## What the task requires
From the line containing "A whisper of" through the last line below, copy every line exactly, leaving out the pictures.

## Available records
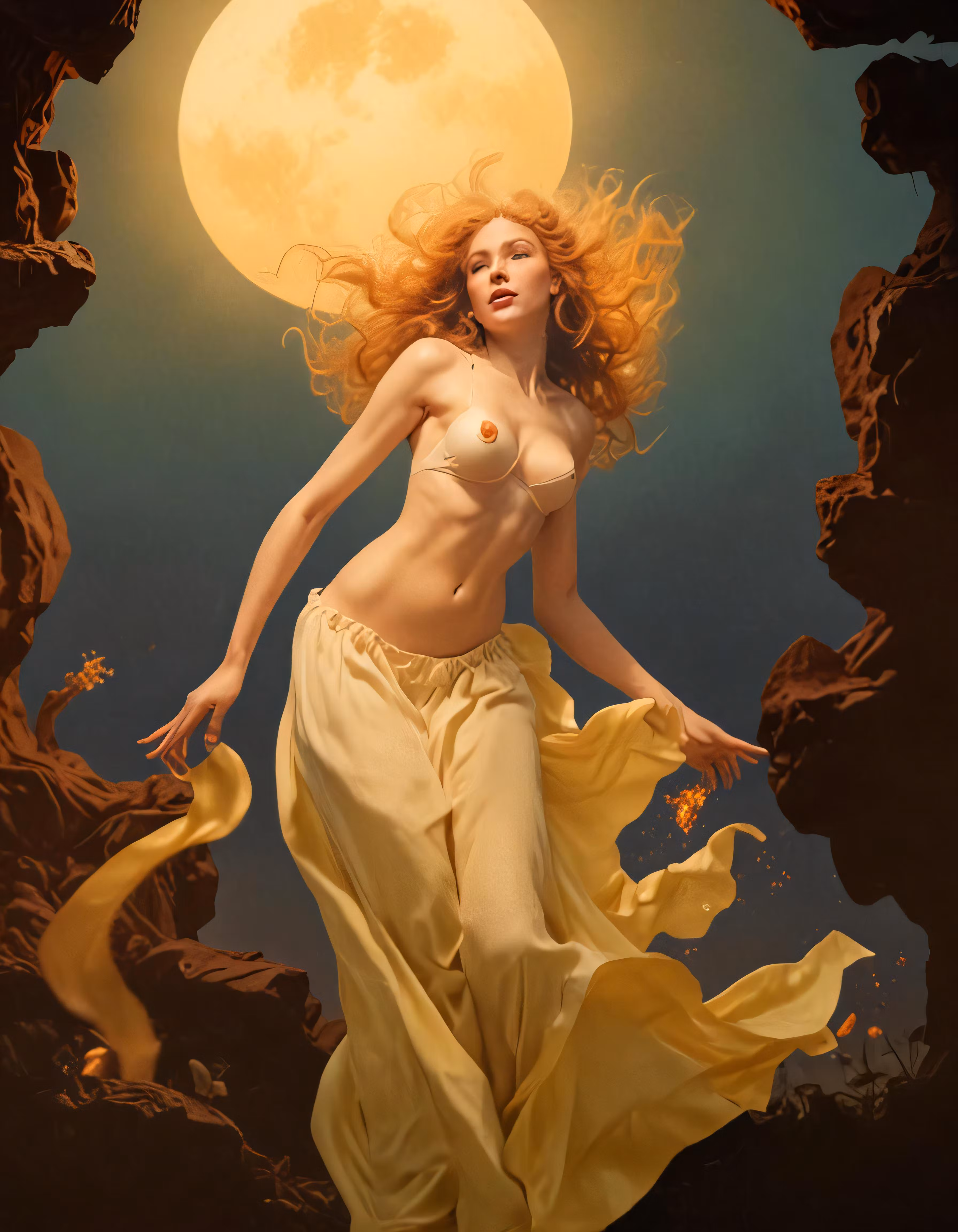 High resolution picture, free to use, a nude woman in yellow outfit standing beneath a full moon
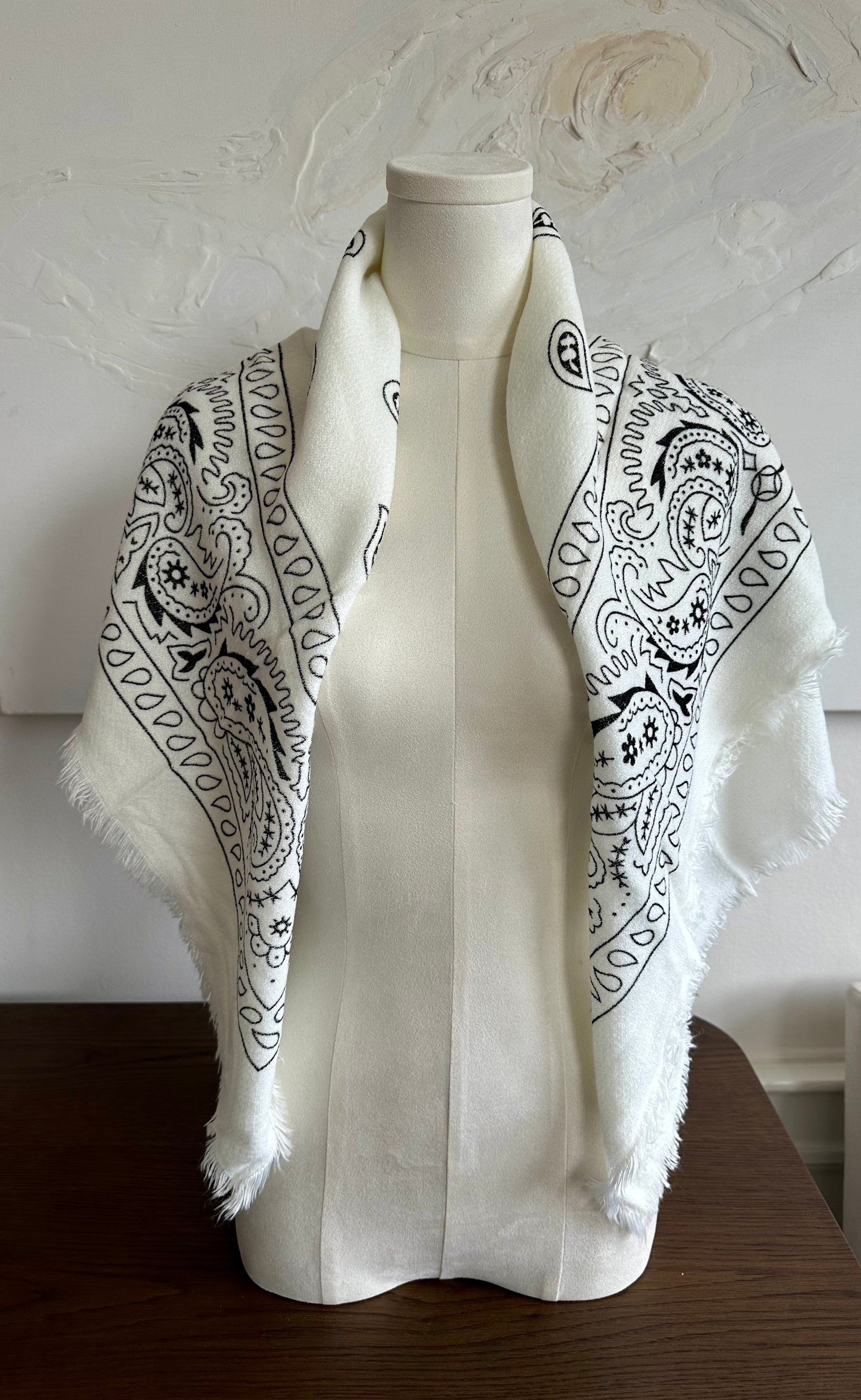 A whisper of Parisian elegance, this 30" bandana scarf arrives from France wrapped in refined simplicity. Woven from a luxurious blend of 70% viscose and 30% wool, it drapes with gentle fluidity and subtle warmth. Whether knotted at the neck, woven through your hair, or draped across your shoulders, this printed design becomes an understated declaration of style—a small luxury that speaks volumes.
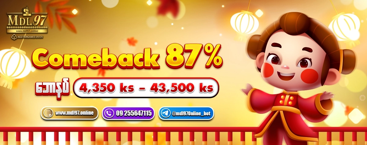 👉🏻 ကစားၿပီး End Promotion မရပါက 10 မိနစ္ေစာင့္ၿပီး ျပန္ႏွိပ္ၾကည့္ပါ ဤပ႐ိုမိုးရွင္းကို 🎰 MDL97 🎰 မွအခ်ိန္မေ႐ြးေျပာင္းလဲႏိုင္သည္။
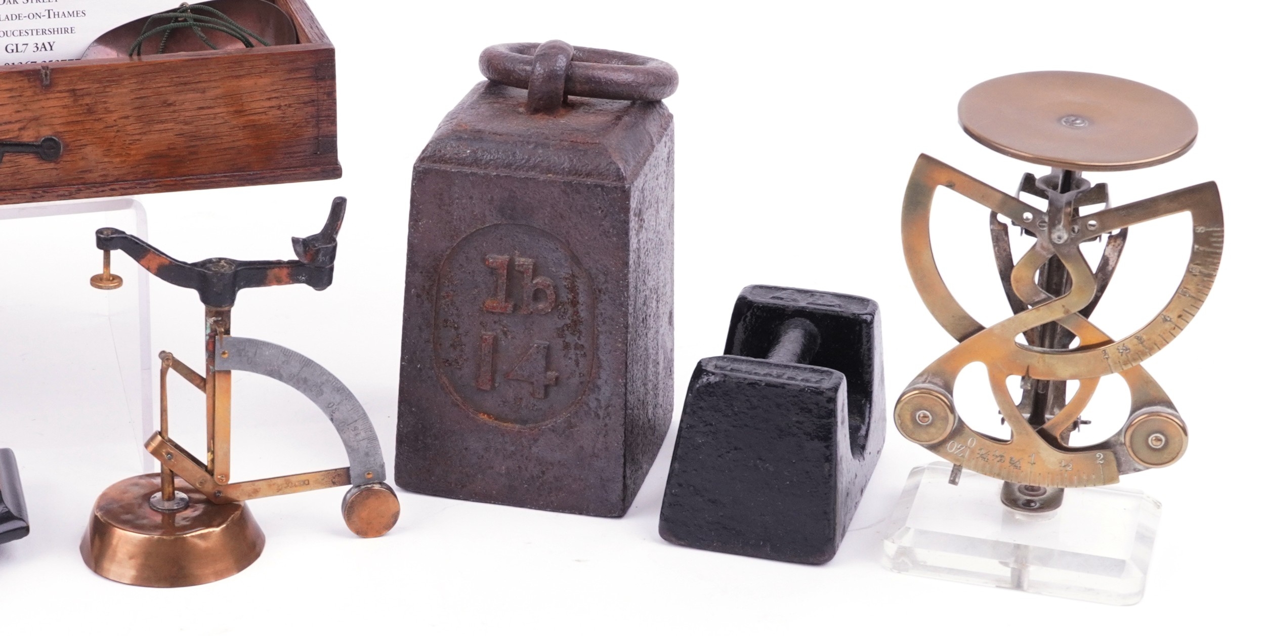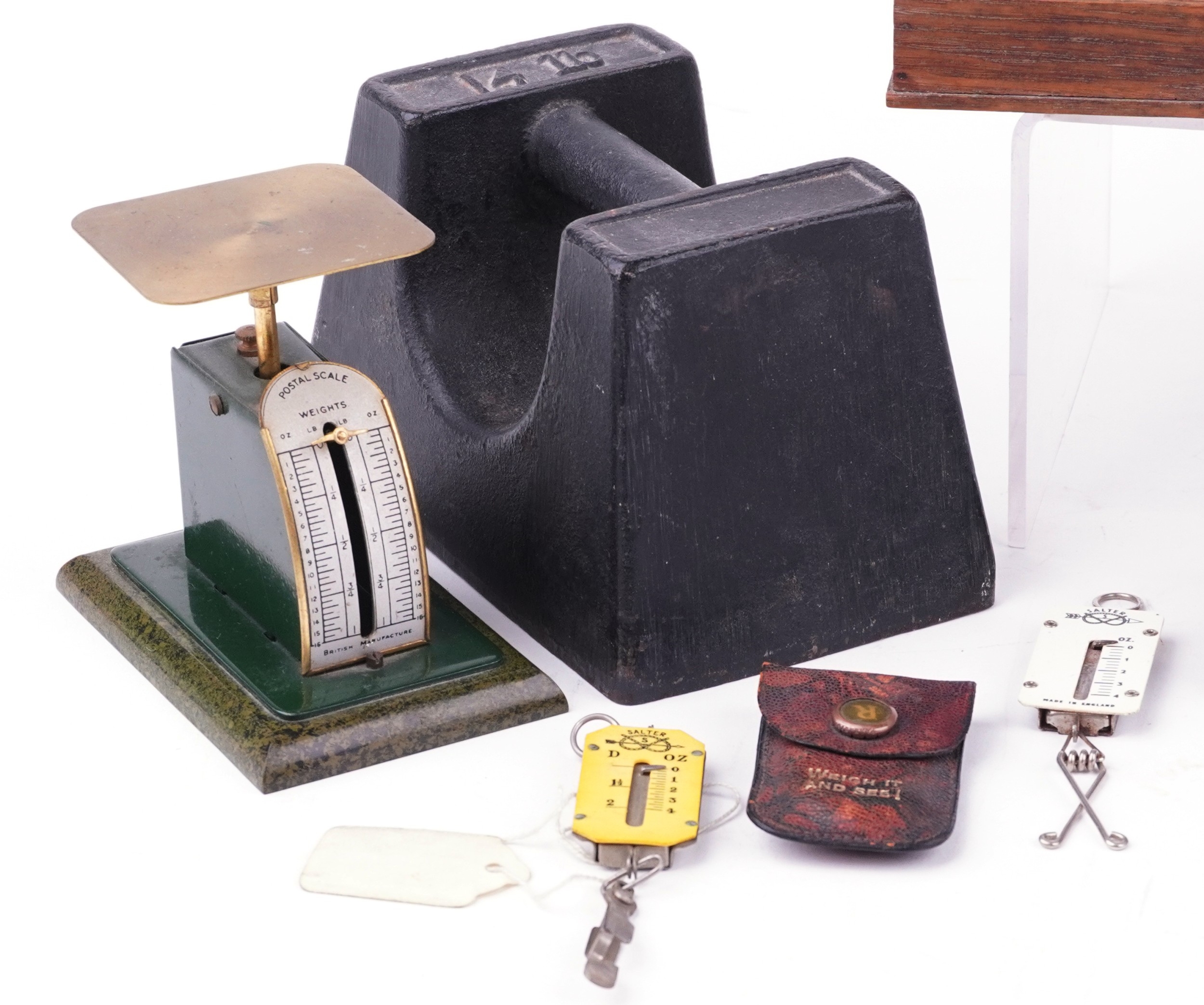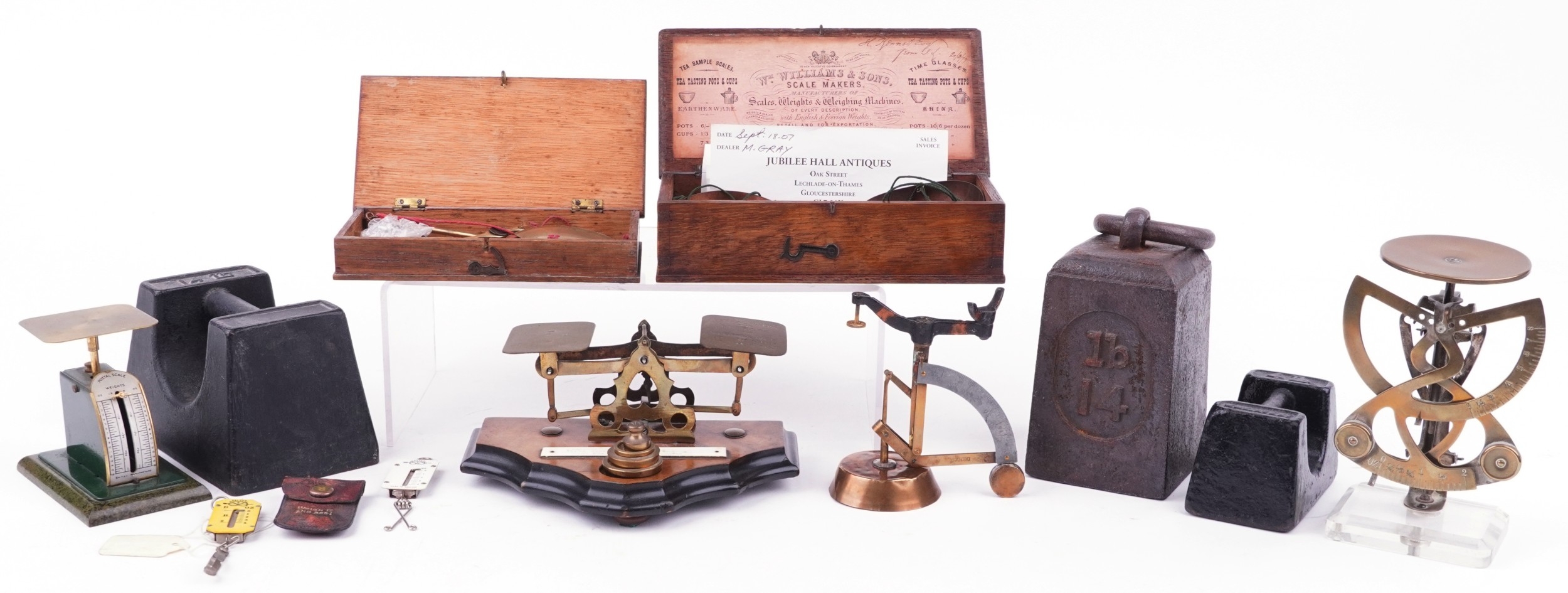A collection of antique and later postage scales and weights including Moore & Co. and Williams & Sons, the largest 21cm in length.
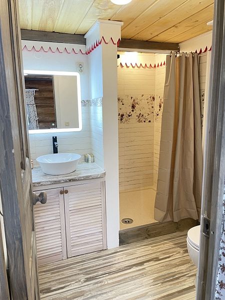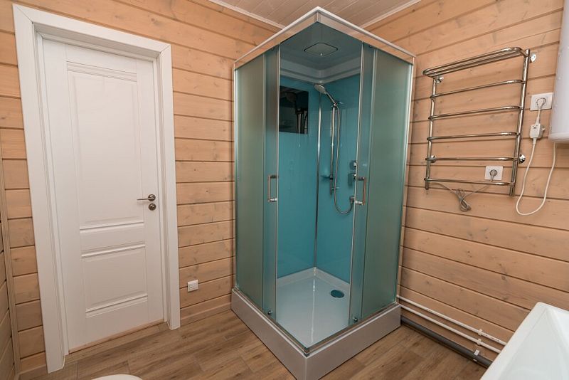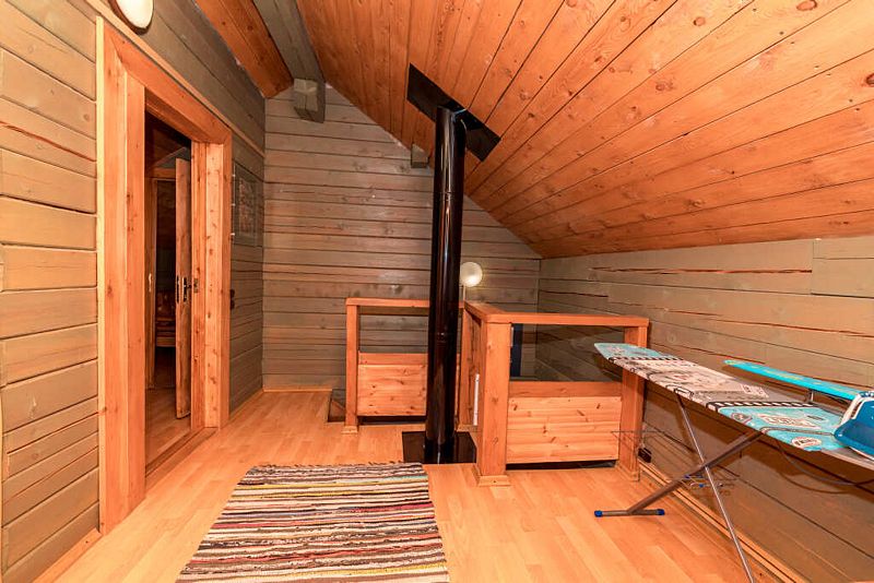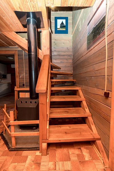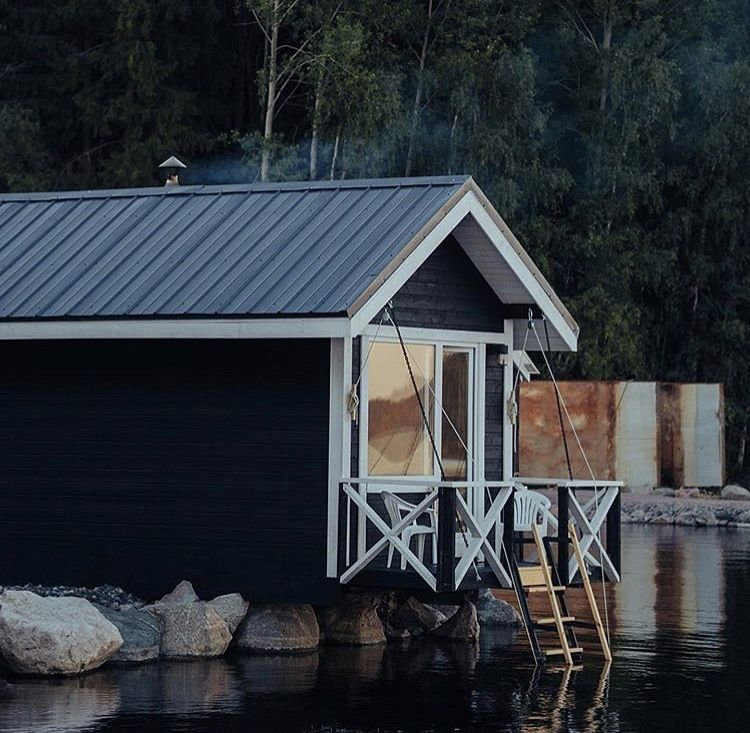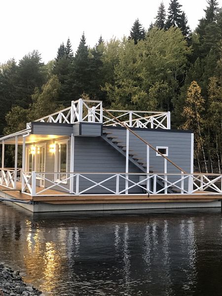 Баня стоит на земле, но имеет выход к воде, балкончик, куда можно выйти, расслабиться, искупаться и просто насладиться красотами.
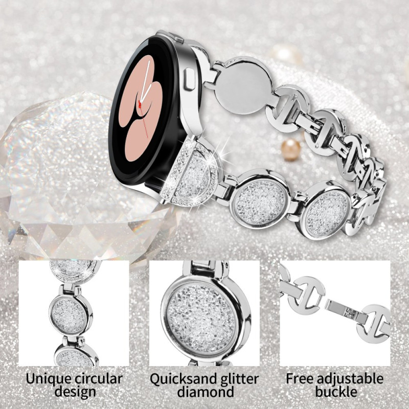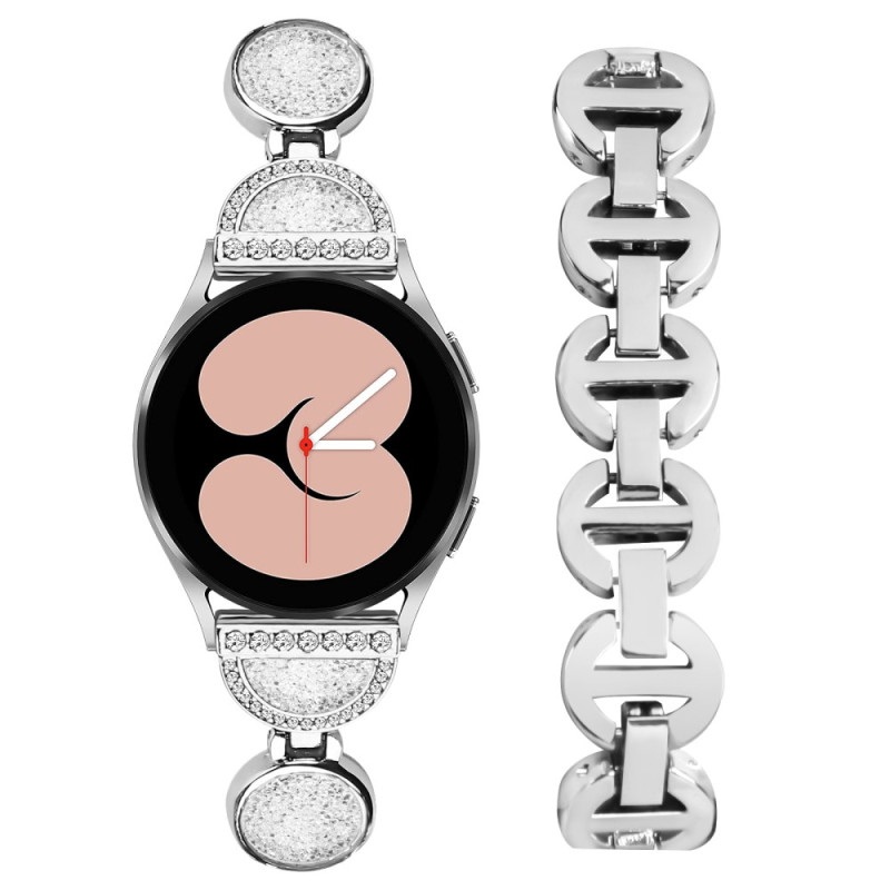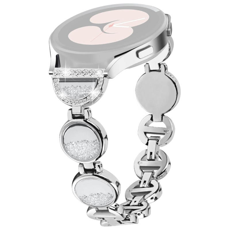 Ontdek onze metalen armband voor Samsung Galaxy Watch FE 40mm. Het unieke ontwerp met cirkelvormig motief en fonkelende strasversiering biedt elegantie en stijl.

## Reply
 A whisper of Parisian elegance, this 30" bandana scarf arrives from France wrapped in refined simplicity. Woven from a luxurious blend of 70% viscose and 30% wool, it drapes with gentle fluidity and subtle warmth. Whether knotted at the neck, woven through your hair, or draped across your shoulders, this printed design becomes an understated declaration of style—a small luxury that speaks volumes.
 👉🏻 ကစားၿပီး End Promotion မရပါက 10 မိနစ္ေစာင့္ၿပီး ျပန္ႏွိပ္ၾကည့္ပါ ဤပ႐ိုမိုးရွင္းကို 🎰 MDL97 🎰 မွအခ်ိန္မေ႐ြးေျပာင္းလဲႏိုင္သည္။
A collection of antique and later postage scales and weights including Moore & Co. and Williams & Sons, the largest 21cm in length.
 Баня стоит на земле, но имеет выход к воде, балкончик, куда можно выйти, расслабиться, искупаться и просто насладиться красотами.
 Ontdek onze metalen armband voor Samsung Galaxy Watch FE 40mm. Het unieke ontwerp met cirkelvormig motief en fonkelende strasversiering biedt elegantie en stijl.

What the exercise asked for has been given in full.